Configure Hadoop On Windows 7



InfoA newer version of installation guide for latest Hadoop 3.2.1 is available.I recommend using that to install as it has a number of new features. Refer to the following article for more details. Building Hadoop Core for Windows 2.1. Choose target OS version The Hadoop developers have used Windows Server 2008 and Windows Server 2008 R2 during development and testing.
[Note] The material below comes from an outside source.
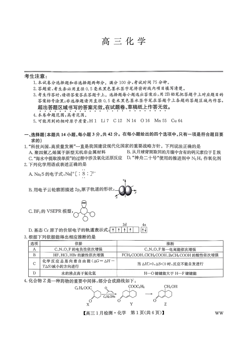 高三化学--九师联盟2026届高三1月质量检测
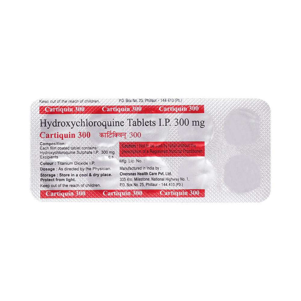 Cartiquin 300 Tablet is a Disease Modifying Anti-Rheumatoid Drug (DMARD). It works by suppressing the overactivity of the immune system that causes inflammation (swelling) and pain in the joints. This slows the progression of the underlying disease. It has also been suggested that hydroxychloroquine may increase insulin sensitivity and improve beta-cell function, thereby improving glycemic control in patients with type 2 diabetes mellitus.

Windows Vista and Windows 7 are also likely to work because of the Win32 API similarities with the respective server SKUs.

Configure

Pseudo-Distributed Operation

Hadoop can also be run on a single-node in a pseudo-distributed mode where each Hadoop daemon runs in a separate Java process.

Configuration

Hadoop Installation On Windows 7 64 Bit

Use the following:

Install Apache Hadoop On Windows

etc/hadoop/core-site.xml:

etc/hadoop/hdfs-site.xml:

Setup passphraseless ssh

Configure Hadoop On Windows 7 64-bit

Now check that you can ssh to the localhost without a passphrase:

Configure Hadoop On Windows 7

If you cannot ssh to localhost without a passphrase, execute the following commands:

Configure

Execution

Configure Hadoop On Windows 7

The following instructions are to run a MapReduce job locally. If you want to execute a job on YARN, see YARN on Single Node.

  1. Format the filesystem:

  2. Start NameNode daemon and DataNode daemon:

    The hadoop daemon log output is written to the $HADOOP_LOG_DIR directory (defaults to $HADOOP_HOME/logs).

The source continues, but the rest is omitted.